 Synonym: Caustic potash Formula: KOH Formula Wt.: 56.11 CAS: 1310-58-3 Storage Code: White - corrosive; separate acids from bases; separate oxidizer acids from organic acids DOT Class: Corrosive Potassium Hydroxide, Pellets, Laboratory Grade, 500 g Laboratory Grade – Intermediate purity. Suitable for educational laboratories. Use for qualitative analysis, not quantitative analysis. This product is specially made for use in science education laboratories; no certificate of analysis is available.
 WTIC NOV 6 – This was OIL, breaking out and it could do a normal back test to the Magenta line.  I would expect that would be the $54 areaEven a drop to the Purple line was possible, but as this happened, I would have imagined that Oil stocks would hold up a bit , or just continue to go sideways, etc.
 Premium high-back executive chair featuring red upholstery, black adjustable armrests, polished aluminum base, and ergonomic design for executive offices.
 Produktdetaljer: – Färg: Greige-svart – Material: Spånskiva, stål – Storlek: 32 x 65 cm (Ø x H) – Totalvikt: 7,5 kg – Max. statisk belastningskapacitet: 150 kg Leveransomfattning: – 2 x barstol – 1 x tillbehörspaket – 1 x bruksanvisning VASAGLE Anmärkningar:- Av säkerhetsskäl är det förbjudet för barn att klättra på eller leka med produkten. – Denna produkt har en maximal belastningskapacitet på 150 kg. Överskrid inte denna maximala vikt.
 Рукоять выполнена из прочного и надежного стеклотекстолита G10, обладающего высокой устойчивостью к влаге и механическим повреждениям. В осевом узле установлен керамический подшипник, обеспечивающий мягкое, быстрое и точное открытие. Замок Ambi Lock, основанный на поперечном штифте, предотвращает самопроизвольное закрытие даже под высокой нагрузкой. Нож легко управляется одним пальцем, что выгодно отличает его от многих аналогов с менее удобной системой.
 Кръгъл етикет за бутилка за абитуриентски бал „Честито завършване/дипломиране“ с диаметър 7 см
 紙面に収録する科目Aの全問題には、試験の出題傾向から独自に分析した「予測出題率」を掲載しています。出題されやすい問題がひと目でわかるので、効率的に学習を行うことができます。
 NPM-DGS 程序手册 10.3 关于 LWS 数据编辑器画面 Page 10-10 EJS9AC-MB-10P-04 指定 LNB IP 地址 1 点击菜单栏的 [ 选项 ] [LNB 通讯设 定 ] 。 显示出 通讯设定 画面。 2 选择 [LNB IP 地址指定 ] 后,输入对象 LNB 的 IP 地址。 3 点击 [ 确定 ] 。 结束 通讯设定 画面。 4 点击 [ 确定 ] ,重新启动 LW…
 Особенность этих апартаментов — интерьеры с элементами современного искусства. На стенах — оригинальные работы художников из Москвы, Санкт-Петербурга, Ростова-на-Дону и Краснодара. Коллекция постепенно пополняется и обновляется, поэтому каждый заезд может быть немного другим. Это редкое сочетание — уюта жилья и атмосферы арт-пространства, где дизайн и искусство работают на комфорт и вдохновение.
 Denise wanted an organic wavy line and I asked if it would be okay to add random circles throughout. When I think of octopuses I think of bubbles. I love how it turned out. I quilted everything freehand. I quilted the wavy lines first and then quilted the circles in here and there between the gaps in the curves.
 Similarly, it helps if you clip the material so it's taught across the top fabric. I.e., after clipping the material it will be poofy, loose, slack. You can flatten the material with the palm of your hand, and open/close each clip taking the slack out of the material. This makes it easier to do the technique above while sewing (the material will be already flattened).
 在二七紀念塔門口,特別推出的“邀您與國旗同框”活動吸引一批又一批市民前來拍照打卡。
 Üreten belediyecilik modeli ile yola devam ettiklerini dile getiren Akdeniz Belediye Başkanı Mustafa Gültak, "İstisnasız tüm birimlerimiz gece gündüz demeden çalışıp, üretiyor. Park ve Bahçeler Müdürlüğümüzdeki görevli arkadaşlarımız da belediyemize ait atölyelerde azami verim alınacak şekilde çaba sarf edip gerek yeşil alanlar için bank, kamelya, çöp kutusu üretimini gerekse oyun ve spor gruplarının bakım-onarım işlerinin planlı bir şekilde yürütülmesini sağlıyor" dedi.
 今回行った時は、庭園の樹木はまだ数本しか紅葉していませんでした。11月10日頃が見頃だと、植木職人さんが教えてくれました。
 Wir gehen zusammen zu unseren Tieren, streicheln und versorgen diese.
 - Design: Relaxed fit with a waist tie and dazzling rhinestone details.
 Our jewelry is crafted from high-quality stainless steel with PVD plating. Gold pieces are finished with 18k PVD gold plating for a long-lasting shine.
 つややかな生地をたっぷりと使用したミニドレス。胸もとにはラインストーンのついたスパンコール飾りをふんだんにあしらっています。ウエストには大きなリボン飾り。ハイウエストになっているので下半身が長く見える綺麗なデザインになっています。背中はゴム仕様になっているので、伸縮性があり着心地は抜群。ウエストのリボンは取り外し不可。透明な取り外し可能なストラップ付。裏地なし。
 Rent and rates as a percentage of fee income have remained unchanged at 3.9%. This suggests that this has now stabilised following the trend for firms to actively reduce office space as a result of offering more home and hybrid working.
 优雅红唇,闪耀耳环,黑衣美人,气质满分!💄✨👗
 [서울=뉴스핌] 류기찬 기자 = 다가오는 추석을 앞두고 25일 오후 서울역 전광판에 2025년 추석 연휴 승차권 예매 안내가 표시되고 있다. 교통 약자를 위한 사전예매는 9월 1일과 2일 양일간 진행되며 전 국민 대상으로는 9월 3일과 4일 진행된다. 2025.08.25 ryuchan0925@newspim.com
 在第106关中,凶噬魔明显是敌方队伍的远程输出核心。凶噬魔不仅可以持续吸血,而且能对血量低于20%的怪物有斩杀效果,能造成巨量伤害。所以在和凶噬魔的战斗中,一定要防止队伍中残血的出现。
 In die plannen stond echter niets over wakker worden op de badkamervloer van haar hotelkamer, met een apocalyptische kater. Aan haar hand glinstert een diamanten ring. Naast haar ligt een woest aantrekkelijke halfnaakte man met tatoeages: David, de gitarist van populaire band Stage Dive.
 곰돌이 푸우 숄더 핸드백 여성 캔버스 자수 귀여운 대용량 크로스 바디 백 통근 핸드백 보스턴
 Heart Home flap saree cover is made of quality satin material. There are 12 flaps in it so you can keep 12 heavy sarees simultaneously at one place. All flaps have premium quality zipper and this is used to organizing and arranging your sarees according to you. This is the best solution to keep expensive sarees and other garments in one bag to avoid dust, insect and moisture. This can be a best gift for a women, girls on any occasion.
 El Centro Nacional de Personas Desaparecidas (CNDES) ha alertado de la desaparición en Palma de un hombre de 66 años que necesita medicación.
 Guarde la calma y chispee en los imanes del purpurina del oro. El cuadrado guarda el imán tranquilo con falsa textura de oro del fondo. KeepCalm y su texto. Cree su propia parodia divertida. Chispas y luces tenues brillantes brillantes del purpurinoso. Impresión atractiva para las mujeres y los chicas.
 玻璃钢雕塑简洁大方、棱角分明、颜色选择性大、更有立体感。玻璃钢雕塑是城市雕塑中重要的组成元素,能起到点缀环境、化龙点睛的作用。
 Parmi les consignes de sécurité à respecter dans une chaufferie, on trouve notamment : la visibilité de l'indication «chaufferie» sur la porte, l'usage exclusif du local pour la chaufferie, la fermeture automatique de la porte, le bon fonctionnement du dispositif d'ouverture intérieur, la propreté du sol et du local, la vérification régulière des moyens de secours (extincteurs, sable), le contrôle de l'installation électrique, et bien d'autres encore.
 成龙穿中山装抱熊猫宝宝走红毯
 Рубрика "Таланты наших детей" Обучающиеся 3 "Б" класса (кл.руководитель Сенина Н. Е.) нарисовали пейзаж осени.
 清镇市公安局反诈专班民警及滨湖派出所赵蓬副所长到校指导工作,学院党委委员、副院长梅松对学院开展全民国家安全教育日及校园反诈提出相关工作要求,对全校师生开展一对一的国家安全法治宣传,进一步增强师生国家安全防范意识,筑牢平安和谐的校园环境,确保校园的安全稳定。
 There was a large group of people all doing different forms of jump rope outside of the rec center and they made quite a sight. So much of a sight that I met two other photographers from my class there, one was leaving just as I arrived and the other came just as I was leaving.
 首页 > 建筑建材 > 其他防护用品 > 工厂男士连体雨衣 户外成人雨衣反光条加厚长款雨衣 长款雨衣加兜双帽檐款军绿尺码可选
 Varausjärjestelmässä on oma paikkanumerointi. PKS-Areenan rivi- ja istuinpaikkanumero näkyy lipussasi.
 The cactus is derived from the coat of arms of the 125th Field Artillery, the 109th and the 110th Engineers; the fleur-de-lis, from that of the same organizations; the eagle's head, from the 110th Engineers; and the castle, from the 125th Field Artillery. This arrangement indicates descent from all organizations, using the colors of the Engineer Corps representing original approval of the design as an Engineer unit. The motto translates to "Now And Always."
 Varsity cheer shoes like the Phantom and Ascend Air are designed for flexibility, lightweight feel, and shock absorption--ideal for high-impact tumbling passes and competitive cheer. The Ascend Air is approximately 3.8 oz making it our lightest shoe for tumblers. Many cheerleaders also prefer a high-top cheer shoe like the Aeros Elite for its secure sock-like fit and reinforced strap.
=====
§ **Exercise description**:
Check each line of the data above for the word "high" and state how many lines contain it, with no other text.

§ **Answer to this problem**:
3